The forum with the soldiers took place the same week the campus Muslim Student Union and other organizations put on the annual “Anti-Zionism Week,” which includes marches with chants like “Long Live the Intifada.”
During the week, organizers erect what they call an “apartheid wall,” symbolic of the one built in Israel after terrorist attacks; it is viewed by Israelis as a security measure and by Palestinians as segregationist. “Anti-Zionism Week” organizers say they see the week as an opportunity to share their views on the conflict in the Middle East.
This year, the young Israeli veterans, part of a group called Reservists on Duty, attended every day to pass out their own literature and share their views on the conflict with passersby.
Palestine Legal has filed a complaint against Students Supporting Israel, saying the former soldiers invited to campus harassed the SJP group and their supporters.

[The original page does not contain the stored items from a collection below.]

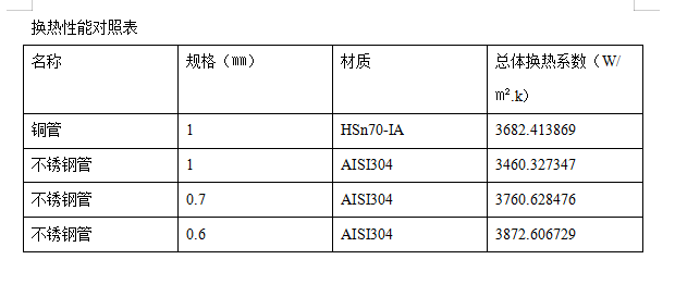 在壁厚相同的情況下,不銹鋼管的總體傳熱系數(shù)比銅管低6%。由于使用比銅管薄的不銹鋼管,不銹鋼管的總體傳熱系數(shù)和凝結(jié)放熱系數(shù)都比銅管大,使不銹鋼管的總體傳熱系數(shù)得到提高。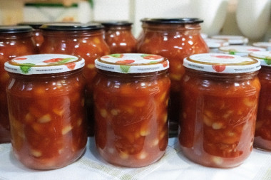 Закрыла в этом году впервые — и теперь жалею, что мало банок сделала! Фасоль с помидорами и перцем в томатной заливке получилась нежной, а помидоры дали приятную кислинку. Спасибо за рецепт.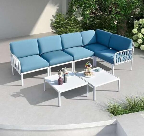 Add a splash of color to your outdoor area with this L-shaped blue patio sofa set. Designed with a strong frame, the set includes multiple seating pieces and a center table, ideal for large patios, lawns, or backyards.
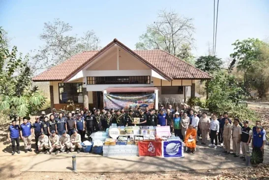 ลำปาง-อำเภอเมืองลำปาง ผนึกเอกชน มอบเสบียงหนุนกำลังพลเฝ้าระวังไฟป่าดอยพระบาท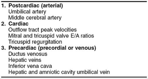 A convenient way to clinically approach the variety of fetal vessels that lend themselves to Doppler investigation is to conceptualize the progressive nature of the IUGR disease process and categorize them into three compartments related to the fetal heart: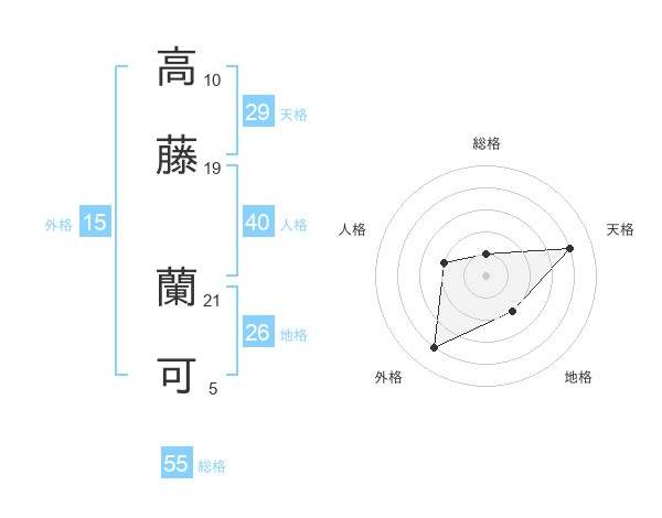 高藤 蘭可さんの外格は15画の4点!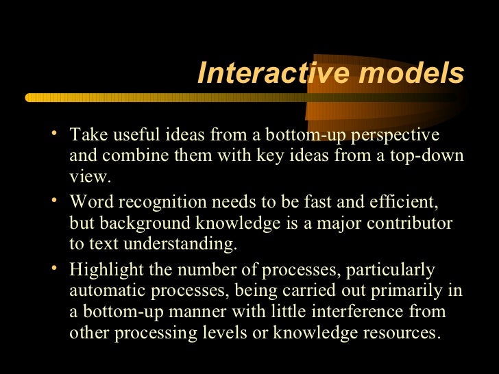 - 17. Interactive models• Take useful ideas from a bottom-up perspective and combine them with key ideas from a top-down view.• Word recognition needs to be fast and efficient, but background knowledge is a major contributor to text understanding.• Highlight the number of processes, particularly automatic processes, being carried out primarily in a bottom-up manner with little interference from other processing levels or knowledge resources.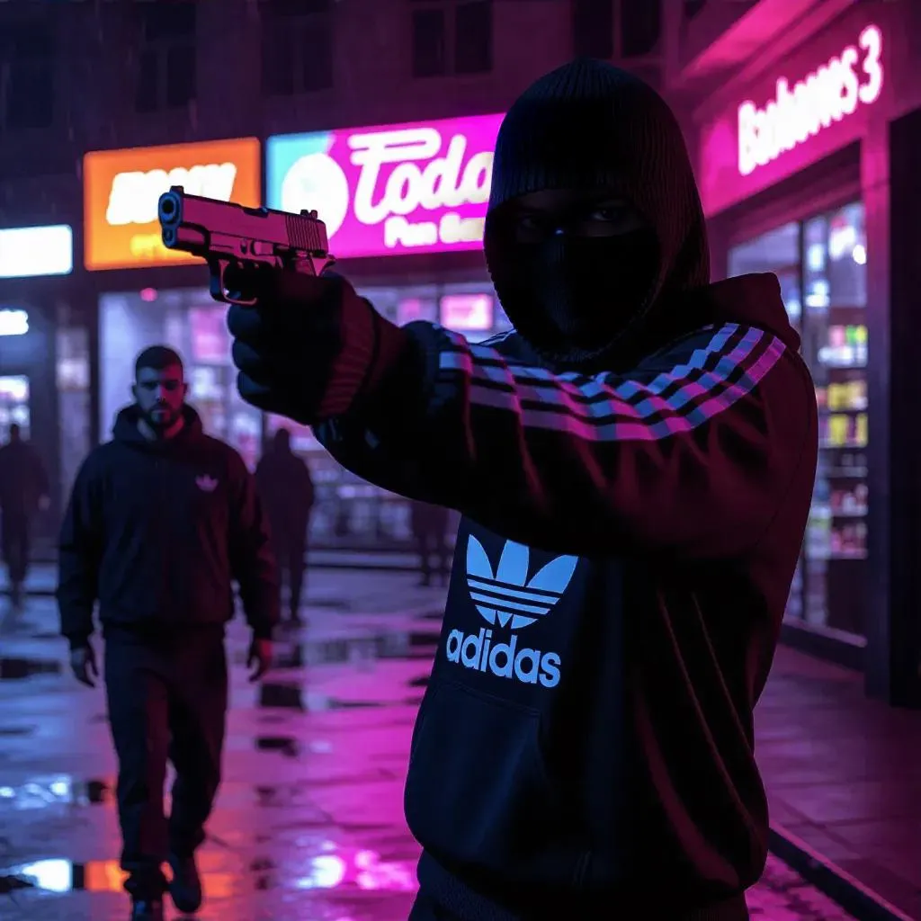 Create AI-generated digital art with GTA5-style graphics. Depict a youth in a balaclava, Adidas tracksuit, wielding a pistol toward a fearful civilian near a shop. Poster-like visuals, cinematic intensity, and dynamic angles. Explore AI image generation on Vivago.ai for bold, action-packed scenes blending realism and game-inspired art. Perfect for edgy storytelling or urban-themed projects.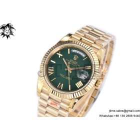 • GM공장 롤렉스 데이데이트 40 옐로우골드금통 그린다이얼 로만인덱스 프레지던트브레이슬릿 텅스텐 2836 DDay Date 40 YG 904L Steel GMF 1:1 Best Edition Green Dial on YG Bracelet A2836(Tungsten Heavy Version)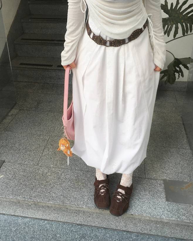 전체적으로 화이트 아이템으로 통일하고, 브라운으로 포인트를 더한 코디예요.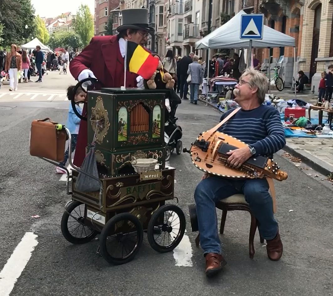 Et afin de tourner dans toutes les tonalités voici ma rencontre avec Didier Bellens (à l'occasion de la brocante de ma rue). Lui par contre il joue en fa majeur mais ce n'est toujours pas compatible avec ma vielle en sol: N'empêche: nous avons joué un petit tour ensemble, voir la vidéo et les photos ici: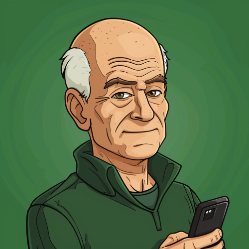 male profile picture, mid fourties, white, balding, uncool, cellphone, green background, cartoon, facing viewer

Brum, of the Students Supporting Israel group, said the soldiers did not harass anyone. Instead, they were on hand to answer questions, challenge information written on the so-called “apartheid wall” and counter what he called lies propagated by the student Palestinian group.
“They have this whole week where they put up a wall and have a monopoly on the conversation,” Brum said.
Last year’s “Anti-Zionism Week” included a counter-event featuring a movie about Israeli soldiers. That
movie event was disrupted by protesters and it created a firestorm of controversy, with dozens of
organizations supporting each side and demanding the university act.
Administrators eventually gave the SJP a warning letter, saying the group violated conduct policies.
There have been other conflicts. Most notably, in 2010, 11 Muslim students from UCI and UC Riverside were
arrested and charged for conspiring to disrupt a speech by then-Israeli Ambassador Michael Oren. The following year, a jury
found 10 of the students guilty and they were sentenced to three years of probation, cut to one year if they served community service.